** TASK STATEMENT **
Reproduce exactly, and only, the lines of the material below running from the line bearing "Ev giyiminde kalite" through the line bearing "Малышу Тимоти здесь". Leave any pictures out.

** INFORMATION PROVIDED **
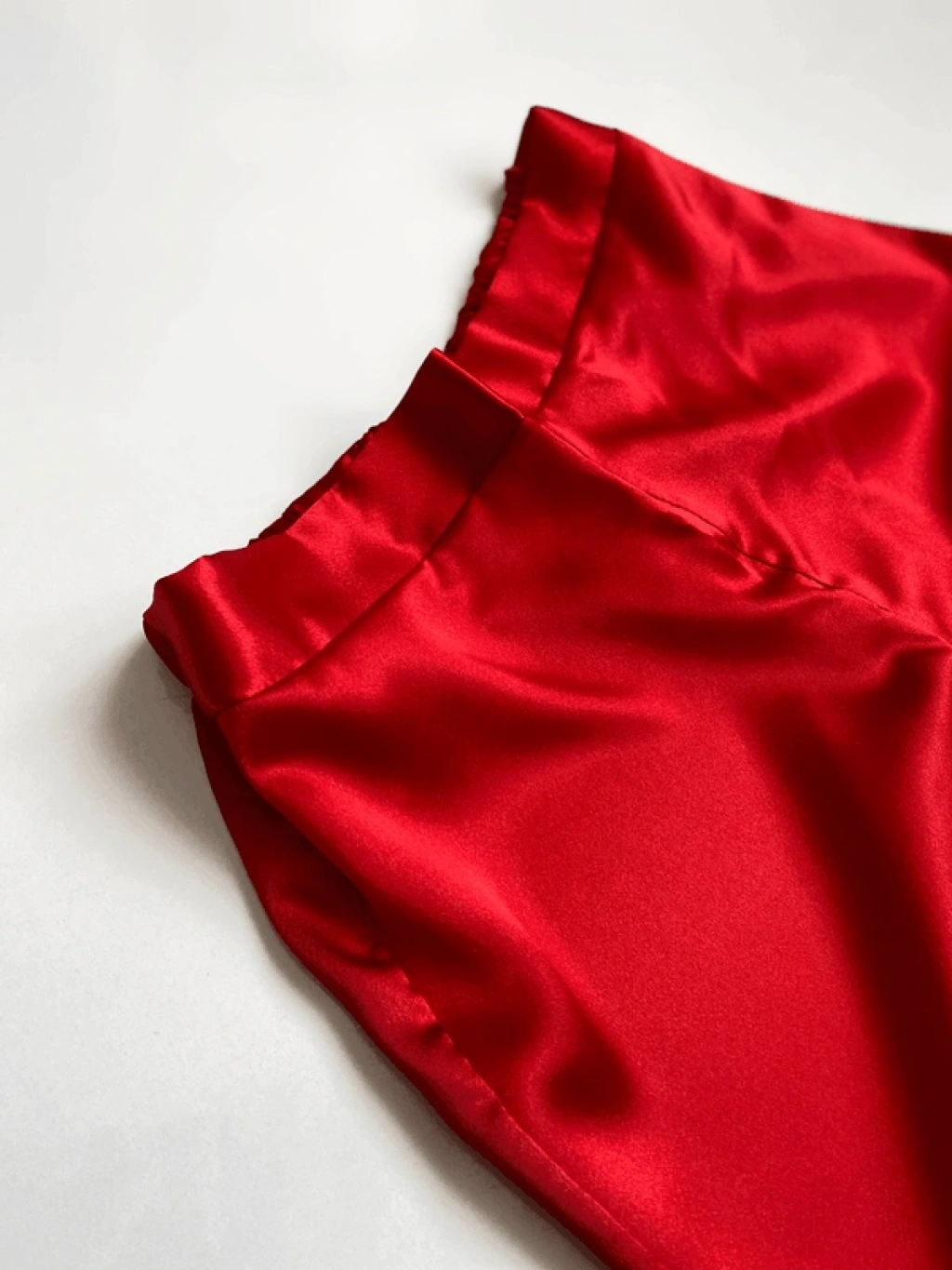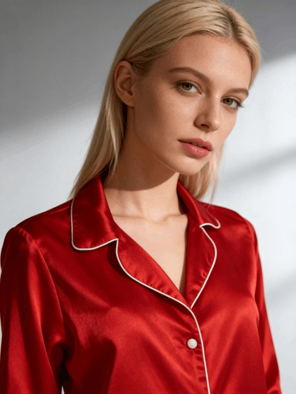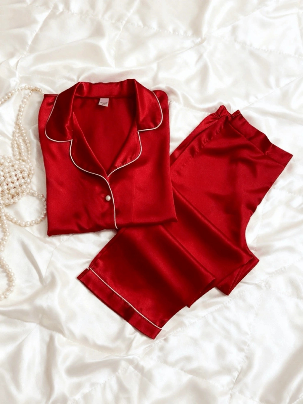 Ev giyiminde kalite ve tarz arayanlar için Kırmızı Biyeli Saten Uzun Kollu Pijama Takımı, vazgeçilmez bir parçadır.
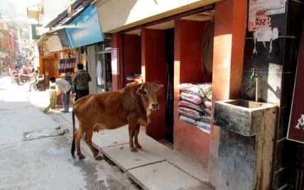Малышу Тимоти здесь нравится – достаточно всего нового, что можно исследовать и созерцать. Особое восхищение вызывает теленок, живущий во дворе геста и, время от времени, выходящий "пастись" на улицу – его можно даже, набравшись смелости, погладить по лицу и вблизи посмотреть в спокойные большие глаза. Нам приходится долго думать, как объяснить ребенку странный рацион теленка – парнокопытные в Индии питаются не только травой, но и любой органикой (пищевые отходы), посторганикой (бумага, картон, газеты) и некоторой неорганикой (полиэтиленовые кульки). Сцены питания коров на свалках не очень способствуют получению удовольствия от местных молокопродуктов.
==
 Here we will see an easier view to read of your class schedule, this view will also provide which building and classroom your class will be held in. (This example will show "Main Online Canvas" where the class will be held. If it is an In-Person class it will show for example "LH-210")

** RESPONSE TO THIS TASK **
 Ev giyiminde kalite ve tarz arayanlar için Kırmızı Biyeli Saten Uzun Kollu Pijama Takımı, vazgeçilmez bir parçadır.
Малышу Тимоти здесь нравится – достаточно всего нового, что можно исследовать и созерцать. Особое восхищение вызывает теленок, живущий во дворе геста и, время от времени, выходящий "пастись" на улицу – его можно даже, набравшись смелости, погладить по лицу и вблизи посмотреть в спокойные большие глаза. Нам приходится долго думать, как объяснить ребенку странный рацион теленка – парнокопытные в Индии питаются не только травой, но и любой органикой (пищевые отходы), посторганикой (бумага, картон, газеты) и некоторой неорганикой (полиэтиленовые кульки). Сцены питания коров на свалках не очень способствуют получению удовольствия от местных молокопродуктов.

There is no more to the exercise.